Below we present results for three new sequence modeling tasks with more complex flow symmetries as part of the data generating process. We see in each case that the flow equivariant models maintain their advantage over non-flow-equivariant counterparts.

2-Digit Independently Flowing MNIST

The first dataset we explore is a 2-digit variant of the flowing MNIST task. The task is identical to that in the main paper, except that 2 random digits are simultaneously placed on the canvas, and each digit is 'flowed' according to its own independent randomly sampled flow generator. Visually, this looks like two digits moving in two separate random directions (for translation), or two overlapping digits rotating at different angular velocities (for rotation).

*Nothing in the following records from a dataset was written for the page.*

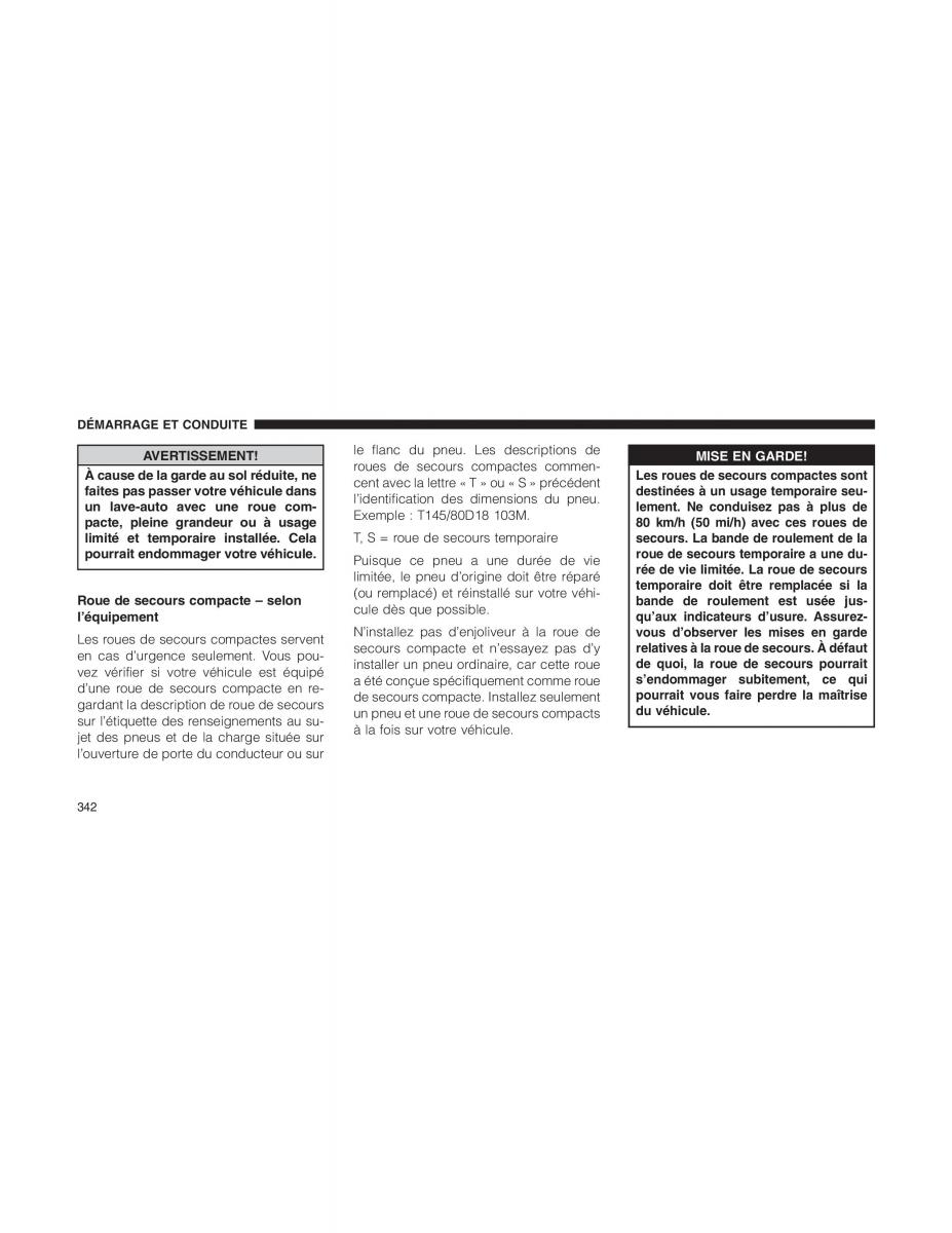 Les roues de secours compactes serventN’installez pas d’enjoliveur à la roue devous d’observer les mises en garde
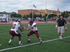 Through the scrums, clusters of violently clashing green and burgundy, Ridley's Smith broke off run after run after run. To the Aces credit, Smith's success wasn't a function of the dominance of the Ridley offensive line (despite an obvious size disadvantage the Lower Merion defensive front more than held their own) or of sloppy tackling (the Aces by and large hung on to the guys they managed to get their hands on) but of the sheer speed and elusiveness of the Raiders back. He was phenomenal. And he was their backup.
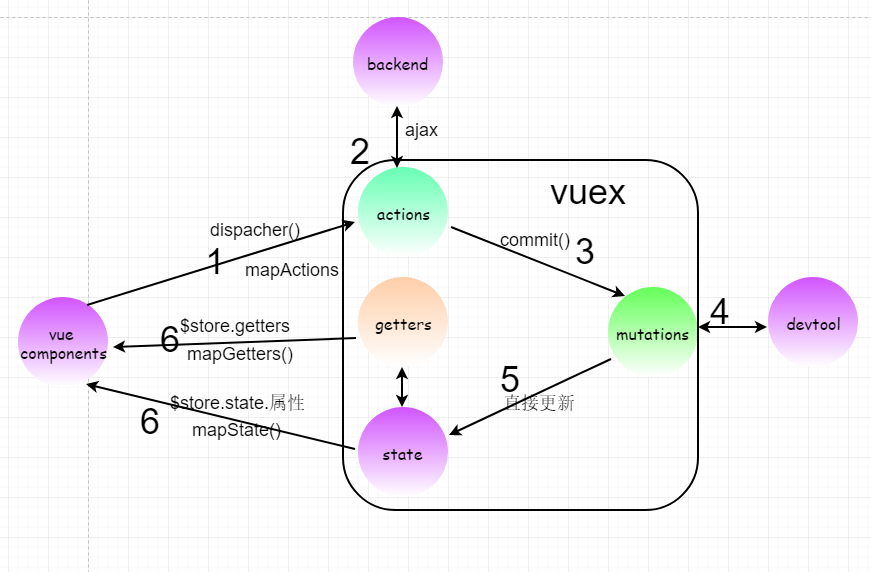 // 从vuex中引入映射 import {mapState,mapGetters,mapActions} from 'vuex' export default { computed:{ ...mapState(['state中的属性值']) ...mapGetters(['getters.js中的方法名']) }, methods:{ ...mapActions(['actions.js中的方法名']) } }
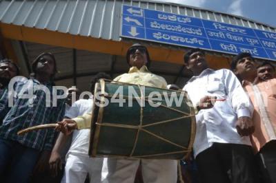 Members of Kannada Chalavali Vatal Paksha led by Vatal Nagaraj protesting against the Transfer of DV Sadananda Gowda from Railway Minister to Law Minister, the protest demonstration was held at City Railway Station, in Bengaluru on Sunday 16th November 2014

Below we report the forward prediction test set MSE in the same setting as in the main paper (10 steps of input, forward predict the next 10 steps).

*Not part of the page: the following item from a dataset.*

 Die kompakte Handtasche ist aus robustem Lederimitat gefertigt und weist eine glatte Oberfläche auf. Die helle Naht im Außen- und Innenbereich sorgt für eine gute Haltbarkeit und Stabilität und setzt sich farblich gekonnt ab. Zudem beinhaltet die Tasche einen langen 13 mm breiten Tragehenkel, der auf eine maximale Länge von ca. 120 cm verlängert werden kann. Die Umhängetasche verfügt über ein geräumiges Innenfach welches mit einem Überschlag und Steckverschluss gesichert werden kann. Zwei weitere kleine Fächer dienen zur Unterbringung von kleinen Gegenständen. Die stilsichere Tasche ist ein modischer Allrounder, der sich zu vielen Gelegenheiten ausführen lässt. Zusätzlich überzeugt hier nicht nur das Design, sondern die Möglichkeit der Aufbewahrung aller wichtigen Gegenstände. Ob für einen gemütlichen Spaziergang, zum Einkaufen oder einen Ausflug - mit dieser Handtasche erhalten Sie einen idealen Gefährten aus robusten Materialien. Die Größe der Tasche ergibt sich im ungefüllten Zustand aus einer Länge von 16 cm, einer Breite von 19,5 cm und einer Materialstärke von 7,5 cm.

Model	2-Digit Translating MNIST (Test MSE)	2-Digit Rotating MNIST (Test MSE)
G-RNN	8.1e−3 ± 6e−4	4.0e−3 ± 5e−4
FERNN- $V_1^T$ / $V_2^R$	5.3e−4 ± 8e−5	1.3e−3 ± 5e−5
FERNN- $V_2^T$ / $V_4^R$	1.5e−4 ± 2e−5	6.1e−4 ± 3e−5

Although it is not apparent from this table, we have also explored the length generalization and velocity generalization of the FERNN on this 2-digit MNIST task and we find that it performs equally as well as for the 1-digit task, demonstrating that all of the benefits of flow equivariance appear to function as expected in this more complex flow setting.

While still a toy dataset, this modification represents a significant new ability of the model -- namely, the ability to model multiple input flows simultaneously. One can imagine this as a highly simplified version of the visual transformations that would occur when one simultaneously combines camera motion with the independent motion of the video subject: while the camera motion may induce a global flow in one direction, the subject is free to move in an entirely independent direction (e.g. a camera pans to the left while a basketball player runs up on the screen). We are pleased to show that FERNNs can handle this type of scenario.

KTH with a random velocity switch halfway through the sequence

The second more complex flow type we explore is non-constant-velocity flows. Specifically we explore the ability of FERNNs to model sequences where the flow velocity switches to a new random velocity mid-way through the sequence. We test this on the KTH action recognition dataset by modifying our simulated 'camera motion' with such a switch. We again see that FERNNs outperform their non-flow-equivariant counterparts significantly.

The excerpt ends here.